We will add it in defensive pathset to net-next following this patchseries
is merged.

>> + rvu->kpu.kpus = fw_kpus;
>> + profile->kpus = fw_kpus;
>> + profile->from_fs = true;
>> + return 0;
>> +}
>The success path leaves rvu->kpu_fwdata_sz non-zero while
>rvu->kpu_fwdata has been set to NULL. The error path correctly zeroes
>both.
>npc_load_mkex_profile() and npc_cn20k_load_mkex_profile() consult
>kpu_fwdata_sz to decide whether to skip the FW-DB mkex lookup, so the
>asymmetry is harmless today, but any future consumer that uses
>kpu_fwdata_sz to gate a kpu_fwdata dereference will hit a NULL deref.
>Could kpu_fwdata_sz be cleared symmetrically on success?
This is intentional. We dont need to keep this symmetry.

>> +void npc_load_kpu_profile(struct rvu *rvu)
>> +{
>[ ... ]
>> + /* Filesystem-based KPU loading is not supported on cn20k.
>> + * npc_prepare_default_kpu() was invoked earlier, but control
>> + * reached this point because the default profile was not selected.
>> + * No need to call it again.
>> + */
>> + if (!is_cn20k(rvu->pdev)) {
>> + if (!npc_load_kpu_profile_from_fs(rvu))
>> + return;
>> + }
>> +
>> + /* First prepare default KPU, then we'll customize top entries. */
>> + npc_prepare_default_kpu(rvu, profile);
>> + if (!npc_load_kpu_profile_from_fw(rvu))
>> + return;
>>
>> npc_prepare_default_kpu(rvu, profile);
>> }
>The comment says "No need to call it again" but the very next executable
>line after the if (!is_cn20k(...)) block is exactly
>npc_prepare_default_kpu(rvu, profile). The second call is in fact needed
>on non-cn20k to reset state corrupted by a partial FS attempt before the
>FW path runs. Could the comment be reworded to reflect that?
>
This indicate that npc_prepare_default_kpu() called above, so we dont have to callit before
calling npc_load_kpu_profile_from_fs() in cn10k.

>[ ... ]
>> for (idx = 0; idx < num_kpus; idx++)
>> npc_program_kpu_profile(rvu, blkaddr, idx, &rvu->kpu.kpu[idx]);
>> +
>> + if (profile->from_fs) {
>> + rvu_write64(rvu, blkaddr, NPC_AF_PKINDX_TYPE(54), 0x03);
>> + rvu_write64(rvu, blkaddr, NPC_AF_PKINDX_TYPE(58), 0x03);
>> + }
>> }
>A few questions about these two writes:
>The pkind indices 54 and 58 match npc.h enum values
>NPC_RX_CPT_HDR_PTP_PKIND = 54 and NPC_RX_CPT_HDR_PKIND = 58 — could
>those named constants be used here so the relationship is explicit?

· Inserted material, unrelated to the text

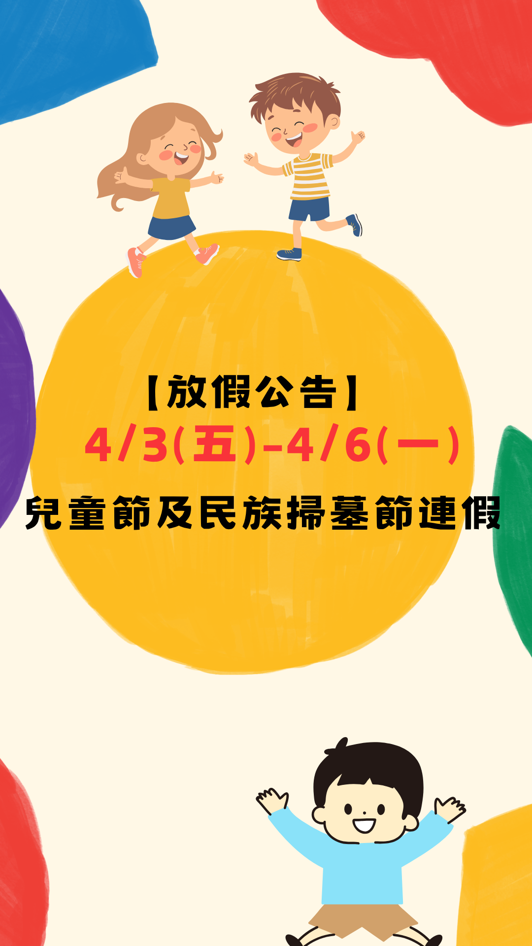 [休假公告]115.0403-0406兒童節及民族掃墓連假

>The constant 0x03 has no symbolic name in rvu_reg.h, and there is no
>#define for the bits in NPC_AF_PKINDX_TYPE. Could a named macro be added
>that documents what value is being programmed?

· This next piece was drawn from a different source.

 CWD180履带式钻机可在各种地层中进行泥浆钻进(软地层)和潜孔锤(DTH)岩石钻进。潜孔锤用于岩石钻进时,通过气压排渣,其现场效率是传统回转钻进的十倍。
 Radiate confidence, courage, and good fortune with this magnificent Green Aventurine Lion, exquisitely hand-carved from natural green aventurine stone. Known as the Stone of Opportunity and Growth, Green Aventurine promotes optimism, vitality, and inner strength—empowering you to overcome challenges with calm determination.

>The same function carefully bounds pkind iteration earlier with
>"num_pkinds = min_t(int, hw->npc_pkinds, num_pkinds);" but these two
>writes target indices 54 and 58 unconditionally. hw->npc_pkinds comes
>from NPC_AF_CONST1[19:12] and is silicon-dependent — should these be
>gated on hw->npc_pkinds >= 59 (or on the corresponding pkind being
>defined) to avoid writing undefined CSRs on a future variant?

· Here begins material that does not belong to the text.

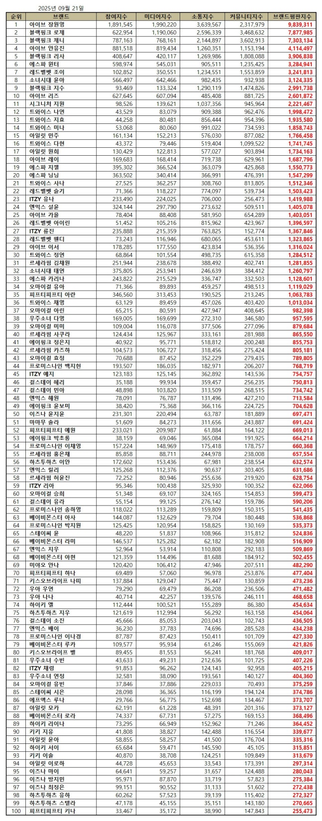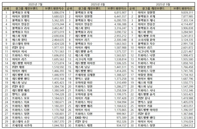2025년 9월 걸그룹 개인 브랜드평판 100위 브랜드는 아이브 장원영, 블랙핑크 로제, 블랙핑크 제니, 아이브 안유진, 블랙핑크 리사, 에스파 윈터, 레드벨벳 조이, 소녀시대 윤아, 블랙핑크 지수, 아이브 리즈, 시그니처 지원, 트와이스 나연, 트와이스 지효, 트와이스 미나, 아일릿 민주, 트와이스 다현, 아일릿 원희, 아이브 레이, 에스파 지젤, 에스파 닝닝, 트와이스 사나, 레드벨벳 슬기, ITZY 유나, 엔믹스 설윤, 아이브 가을, 레드벨벳 아이린, ITZY 류진, 레드벨벳 웬디, 아이브 이서, 트와이스 정연, 르세라핌 김채원, 소녀시대 태연, 에스파 카리나, 오마이걸 유아, 피프티피프티 아란 , 트와이스 채영, 오마이걸 아린, 우주소녀 다영, 오마이걸 미미, 르세라핌 사쿠라, 에이핑크 정은지, 르세라핌 카즈하, 오마이걸 효정, 프로미스나인 백지헌, ITZY 예지, 걸스데이 혜리, 걸스데이 민아, 엔믹스 해원, 에이핑크 윤보미, 이즈나 윤지윤, 마마무 솔라, 피프티피프티 예원, 에이핑크 박초롱, 프로미스나인 이채영, 르세라핌 홍은채, 하츠투하츠 이안, 엔믹스 릴리, 르세라핌 허윤진, ITZY 리아, 오마이걸 승희, 걸스데이 유라, 프로미스나인 송하영, 베이비몬스터 아사, 프로미스나인 박지원, 스테이씨 윤, 베이비몬스터 라미, 엔믹스 지우, 베이비몬스터 아현, 미야오 안나, 피프티피프티 하나, 키스오브라이프 나띠, 우아 우연, 우아 나나, 하이키 옐, 하츠투하츠 지우, 걸스데이 소진, 엔믹스 배이, 프로미스나인 이나경, 베이비몬스터 루카, 키스오브라이프 벨, 우주소녀 수빈, ITZY 채령, 우주소녀 연정, 오마이걸 유빈, 스테이씨 시은, 에프엑스 루나, 아일릿 모카, 베이비몬스터 로라, 하이키 리이나, 키키 지유, 아일릿 윤아, 하이키 서이, 키키 이솔, 아일릿 이로하, 이즈나 마이, 이즈나 방지민, 이즈나 최정은, 하츠투하츠 유하, 하츠투하츠 스텔라, 피프티피프티 키나 순으로 분석됐다.

>Finally, is it intentional that this hardware register configuration is
>chosen based on the load mechanism (from_fs) rather than profile
>content? Any future FS profile that does not expect pkinds 54 and 58 to
>be configured this way would silently misbehave. Could the writes be
>driven from the profile data itself?

This is very customer specific and intentional. I did not find any speific
names for these values as there are many values in npc_profie.h as well.